We analysed a total of 802 patients in this group.

A further three phase III studies compared second‐line gefitinib with chemotherapy and conducted subgroup analyses in the EGFR mutation positive patients (Kim 2008 INTEREST; Maruyama 2008 V‐15‐32; Sun 2012 KCSG‐LU08‐01). INTEREST and V‐15‐32 compared gefitinib with docetaxel and KCSG‐LU08‐01 compared gefitinib with pemetrexed in this second‐line setting. The INTEREST study also analysed other biomarkers, such as EGFR gene copy number, EGFR protein expression and KRAS mutations, in addition to EGFR mutations. One study did not publish data that could be pooled (Maruyama 2008 V‐15‐32) and thus we included a total of 77 patients in this group.

3. Gefitinib at a specific dose versus a different dose (Comparison 7)

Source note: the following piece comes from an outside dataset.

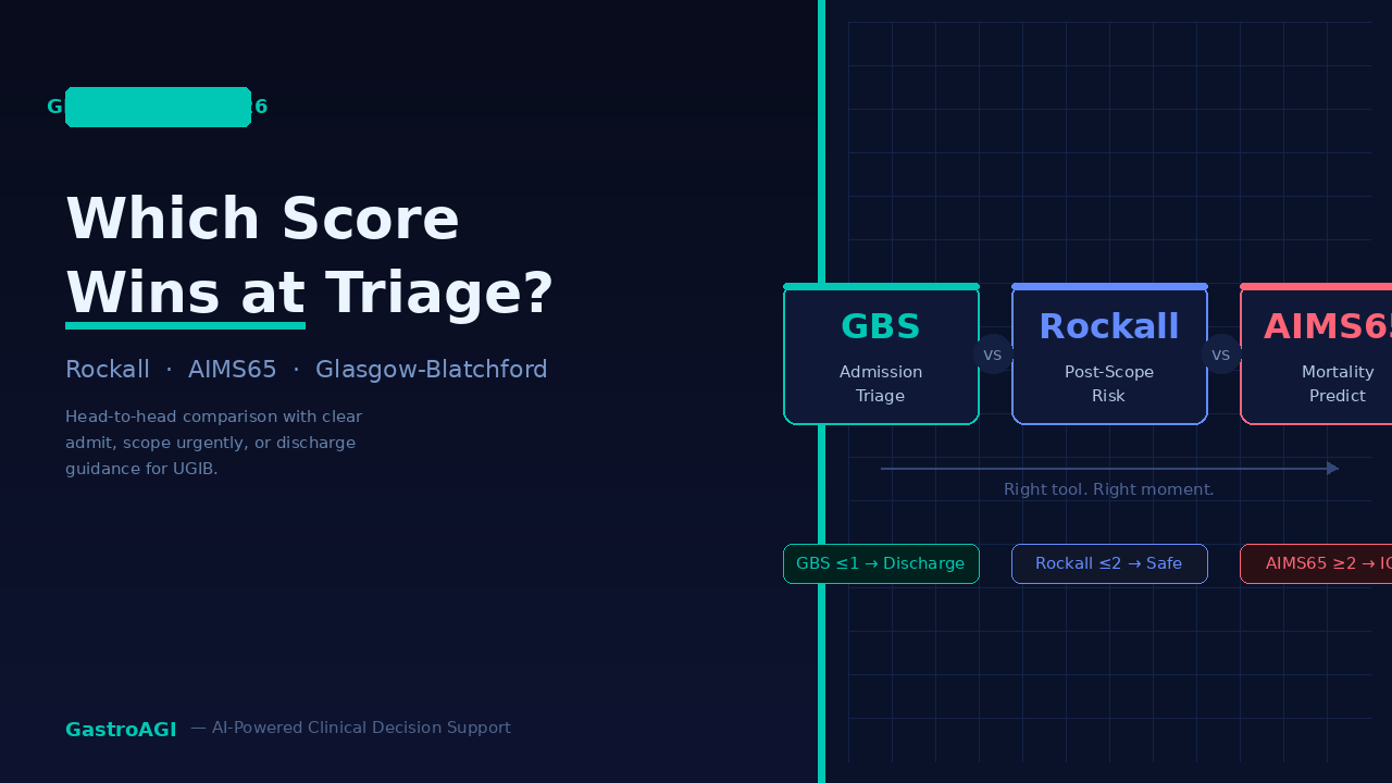 Rockall, AIMS65, or Glasgow-Blatchford - which score to use for UGIB in 2026? A head-to-head breakdown with clear admit, scope urgently, or discharge guidance.

Three phase II studies compared the effect of two different doses of gefitinib, 250 mg and 500 mg in 527 patients (Fukuoka 2003 IDEAL I; Kris 2003 IDEAL II; Xue 2015). IDEAL I (Fukuoka 2003 IDEAL I) and IDEAL II (Kris 2003 IDEAL II) were multicentre, randomised, double‐blind, phase II studies that evaluated two doses of gefitinib (250 mg/day and 500 mg/day) as second‐ or third‐line therapy.

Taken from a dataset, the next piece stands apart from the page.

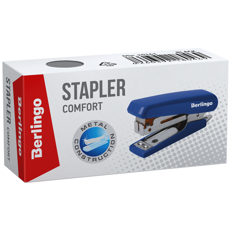 Канцелярский мини-степлер Berlingo Comfort прекрасно подходит для ежедневного использования на рабочем месте. Степлер вмещает 50 скоб размером №10, имеет 1 тип скрепления. Сшивает до 10 листов. Глубина захвата – 28 мм. <br/>У данной модели пластиковый корпус и полностью металлический механизм. Мини-степлер оснащён встроенным антистеплером. Корпус выполнен в чёрном цвете. Упакован в картонный короб. Рекомендуется использовать со скобами Berlingo.<br/>• Номер скобы: 10;<br/>• Глубина захвата: 28 мм;<br/>• Количество скрепляемых листов: 10;<br/>• Материал корпуса: пластик.

We analysed 431 patients in this group.

The third study randomised 96 patients who were stable after one month of gefitinib (250 mg/day) to either 250 mg/day or 500 mg/day as maintenance therapy (Xue 2015).

4. Gefitinib versus gefitinib combined with a chemotherapy regimen (Comparison 8)

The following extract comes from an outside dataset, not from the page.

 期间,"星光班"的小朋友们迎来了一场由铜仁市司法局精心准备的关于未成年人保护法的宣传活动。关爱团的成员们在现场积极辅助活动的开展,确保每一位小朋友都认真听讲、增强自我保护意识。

Four studies compared gefitinib alone or in combination with chemotherapy. Two recently published studies examined the addition of chemotherapy to gefitinib versus gefitinib alone in the first‐line setting. A small study by An 2016 recruited 90 East Asian patients with an EGFR mutation and randomised them to receive gefitinib or gefitinib plus pemetrexed (500 mg/m2). In this study, pemetrexed or placebo was administered via intravenous infusion on day 1 of a 21‐day cycle. Gefitinib 250 mg was administered on days 2 to 16. A multicentre, phase II study by Cheng 2016 also compared gefitinib with and without pemetrexed as first‐line therapy. This study recruited 191 East Asian patients from China, Japan, Korea and Taiwan with advanced non‐squamous NSCLC with an activating EGFR mutation. Patients either received gefitinib 250 mg per day or gefitinib plus pemetrexed (500 mg/m2) infusion on day 1 of a 21‐day cycle.

We included a total of 281 patients in this group.

Chen 2007 compared 250 mg of daily oral gefitinib with gefitinib plus vinorelbine (15 mg/m2) every two weeks in 48 patients of Asian ethnicity with stage IV adenocarcinoma who had failed at least two lines of chemotherapy. Chen 2011 compared gefitinib alone with the combination of gefitinib plus tegafur (100 mg)/uracil (224 mg) in 115 Taiwanese patients with stage IIIB or IV adenocarcinoma who had failed first‐line chemotherapy.

We included a total of 163 patients in this group.

5. Gefitinib at any dose in combination with other chemotherapeutic agents versus the same chemotherapy agents alone (Comparison 9)

Five studies examined survival outcomes, objective response rates and toxicity (Giaccone 2004 INTACT I; Herbst 2004 INTACT II; Soria 2015 IMPRESS; Takeda 2010 WJTOG0203; Yu 2014). Overall, we included a total of 3110 patients.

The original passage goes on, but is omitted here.